Big data credit reporting is to use data analysis and models to conduct risk assessment, and predict the repayment ability, repayment willingness and fraud risk of the repayment person according to the evaluation score. In the field of financial risk control, big data refers to total data and user behavior data. At present, we use the data around customers that are highly related to the credit situation of customers, and use the data to implement scientific risk control.

1. The big data credit model can make the credit evaluation more accurate: the big data credit model brings massive data into the credit system and conducts multi-angle analysis with various credit models.

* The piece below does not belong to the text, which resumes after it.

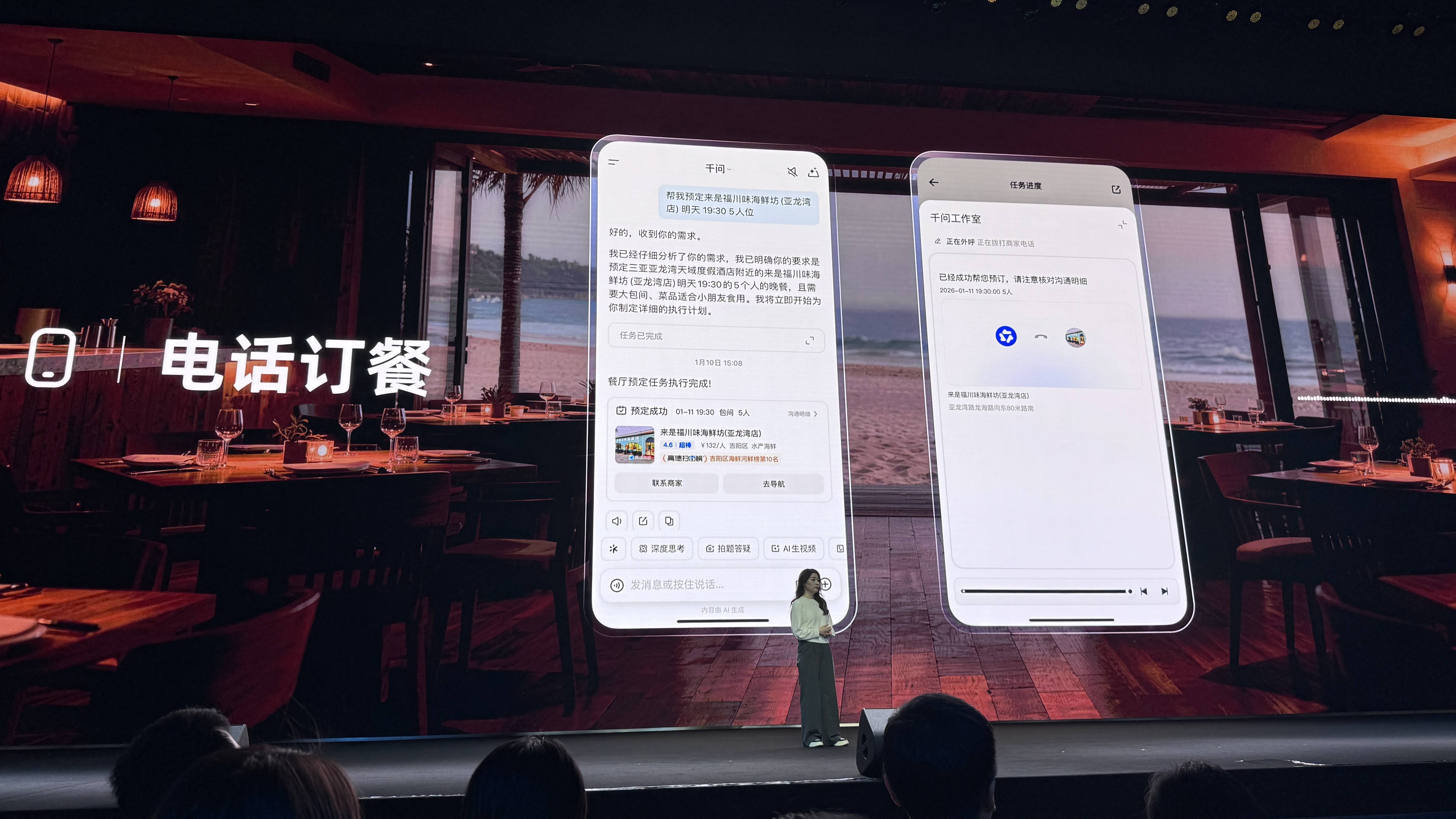 吴嘉称,千问App上线办事能力,这不仅是在线上数字世界帮大家办事,更是要进入物理世界,在生活环境中帮人们办事,形成AI办事的完整形态。

Take ZestFinance, an American Internet finance company, as an example. The model basically processed 3,500 data items, extracted nearly 70,000 variables, and used more than ten models, such as identity verification model, fraud model and repayment ability model, which made the evaluation results more comprehensive and accurate and greatly improved the evaluation performance of the model.

2. Big data credit can contain more diverse behavioral data: In the era of big data, every relevant institution tries to obtain the data information of behavioral subjects to the greatest extent, so that the data can be widely covered and broadcast in real time to the greatest extent.

3. Big data credit has brought more timely evaluation criteria: another shortcoming of traditional risk control is the lack of effective data input, and its risk control model often reflects the results of lagging data. Using the evaluation results of lagging data to manage credit risk will produce greater structural risk.

The data collection and computing power of big data can help enterprises establish real-time risk management views. With comprehensive multi-latitude data, self-learning risk control model and real-time calculation results, enterprises can improve their quantitative risk assessment ability.